*Exercise*:
Look below for the line containing "Indicado para afiar" and the line containing "위 문단에서 한 것처럼, 위 표의 형태로 vm 설정에서 하드디스크를 장착합니다."; repeat exactly those two lines and all lines between them, and nothing else.
____ Task data
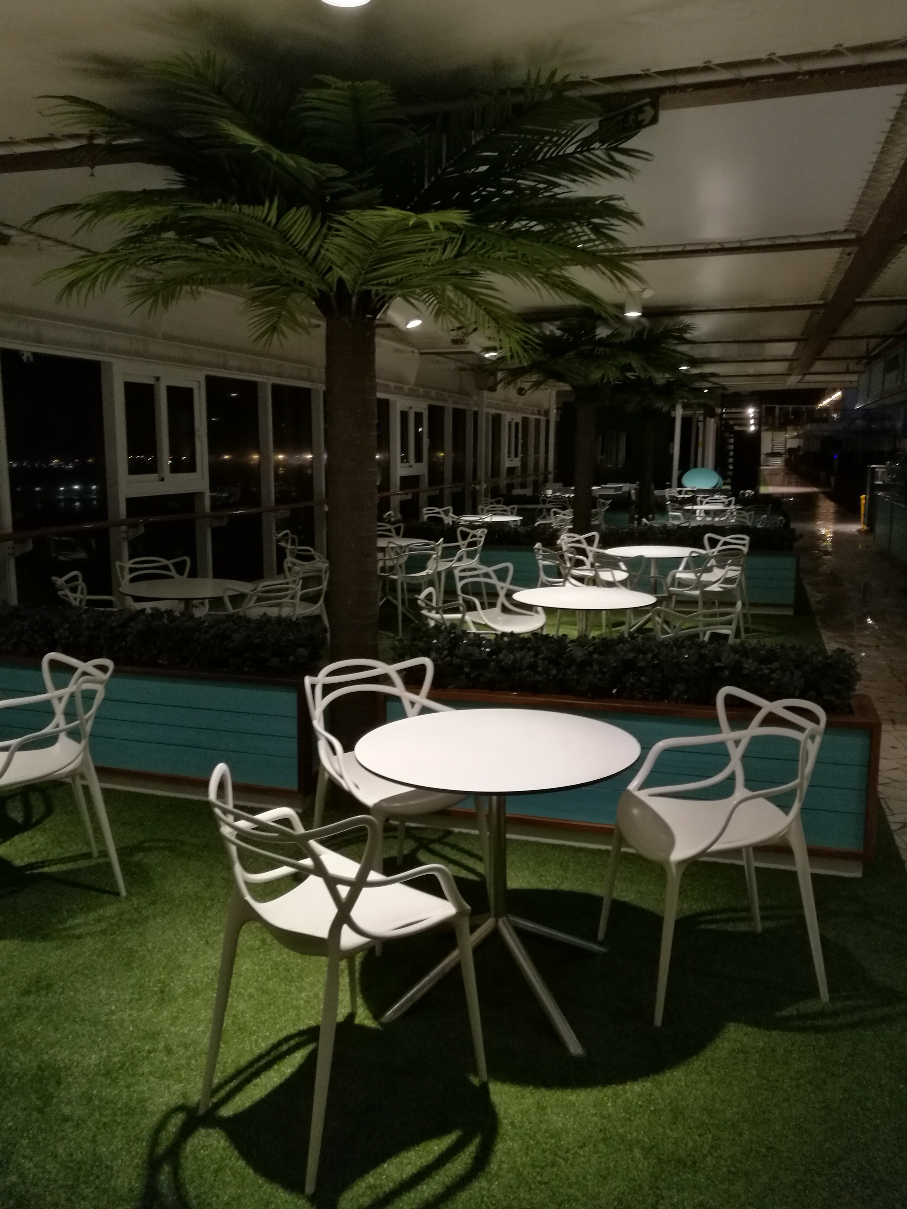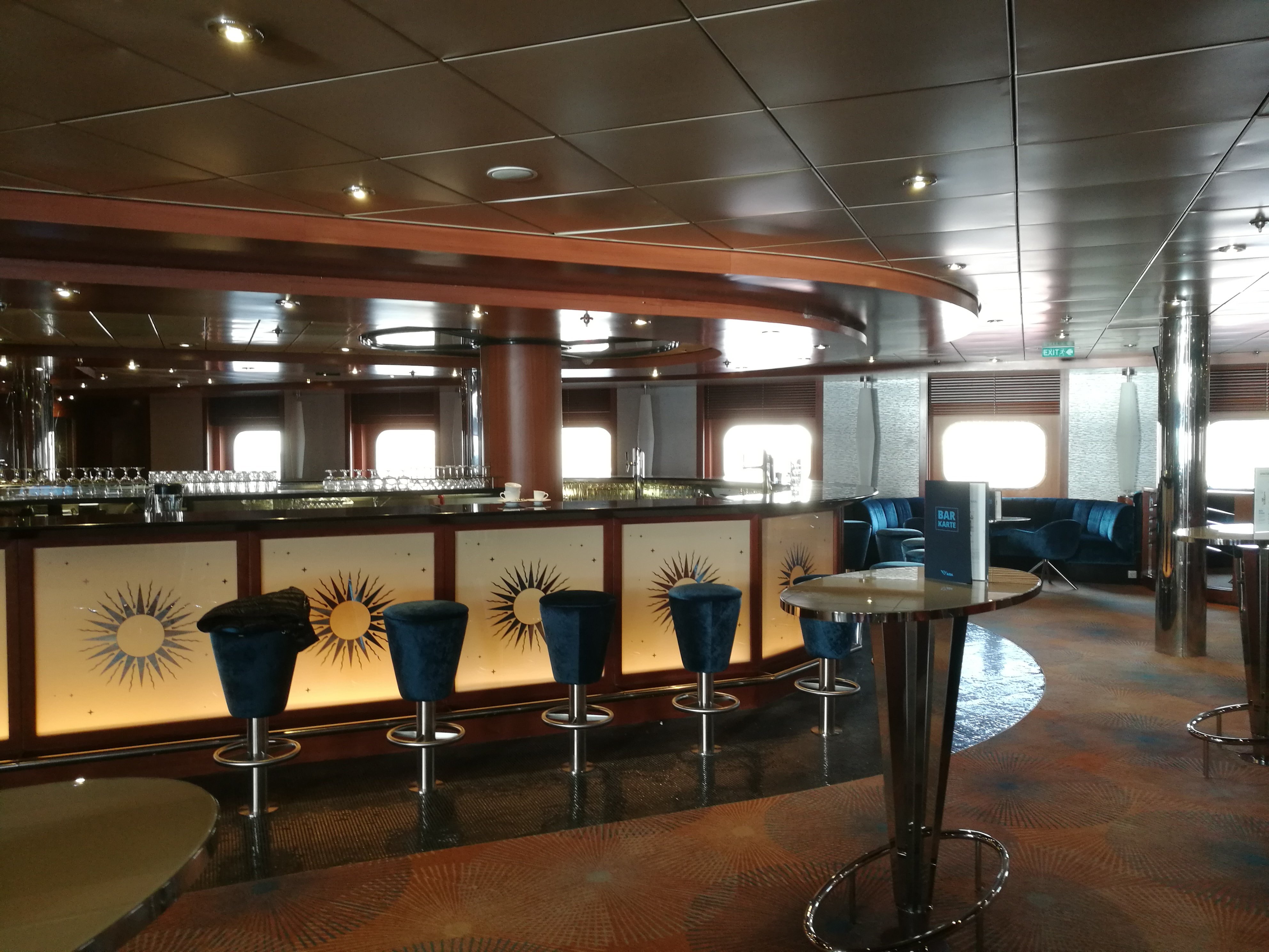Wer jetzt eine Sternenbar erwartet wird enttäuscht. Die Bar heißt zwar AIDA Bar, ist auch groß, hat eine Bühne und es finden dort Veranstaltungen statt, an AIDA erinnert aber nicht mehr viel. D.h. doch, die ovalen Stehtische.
________
____ Task data
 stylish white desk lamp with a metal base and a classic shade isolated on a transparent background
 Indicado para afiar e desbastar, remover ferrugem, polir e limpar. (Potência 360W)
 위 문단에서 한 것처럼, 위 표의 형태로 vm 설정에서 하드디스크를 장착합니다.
________
____ Task data
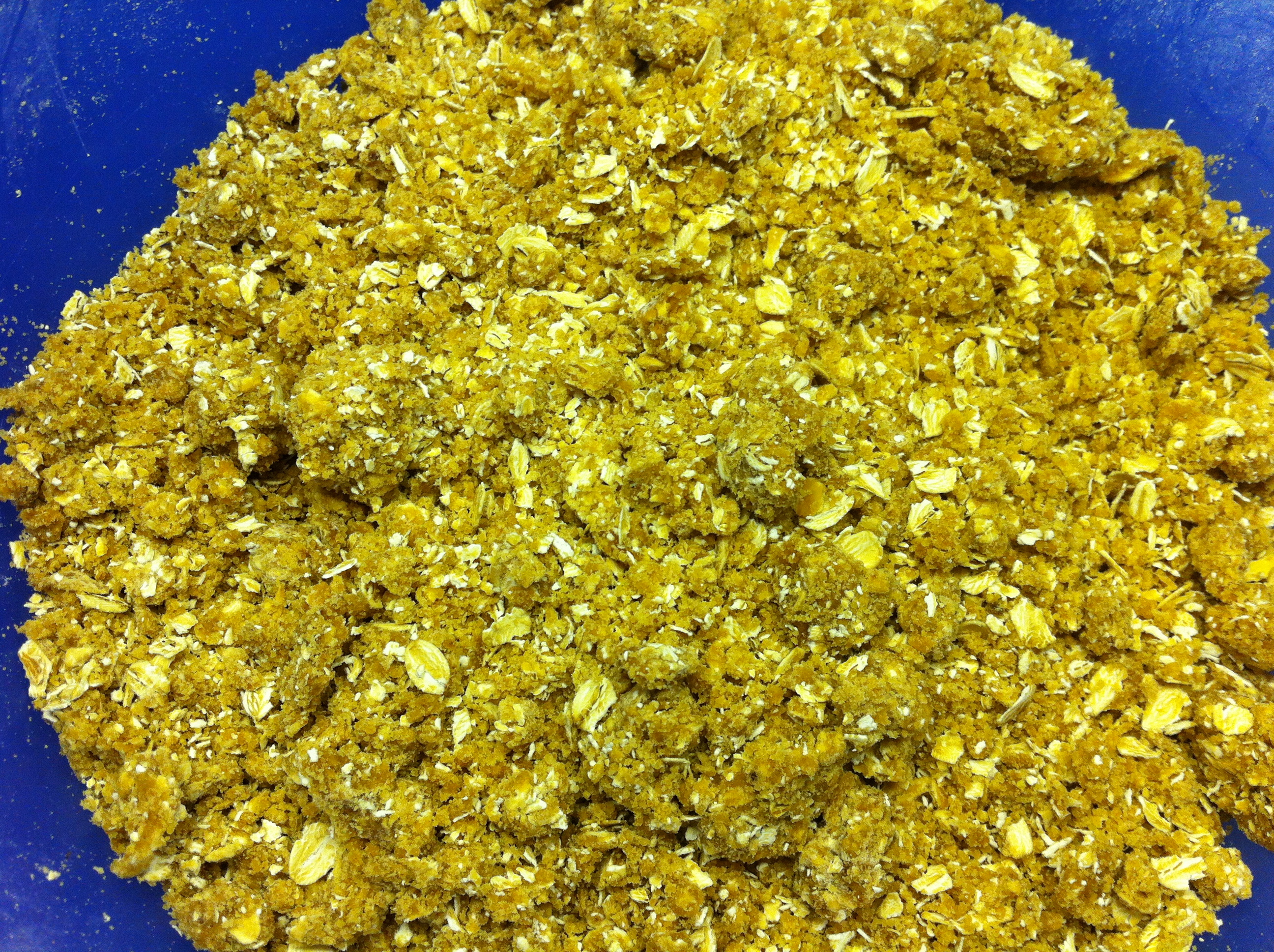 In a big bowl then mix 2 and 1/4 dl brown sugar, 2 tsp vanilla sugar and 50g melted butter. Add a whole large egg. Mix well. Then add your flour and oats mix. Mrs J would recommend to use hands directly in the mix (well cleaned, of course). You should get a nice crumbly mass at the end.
________
*Result*:
 Indicado para afiar e desbastar, remover ferrugem, polir e limpar. (Potência 360W)
 위 문단에서 한 것처럼, 위 표의 형태로 vm 설정에서 하드디스크를 장착합니다.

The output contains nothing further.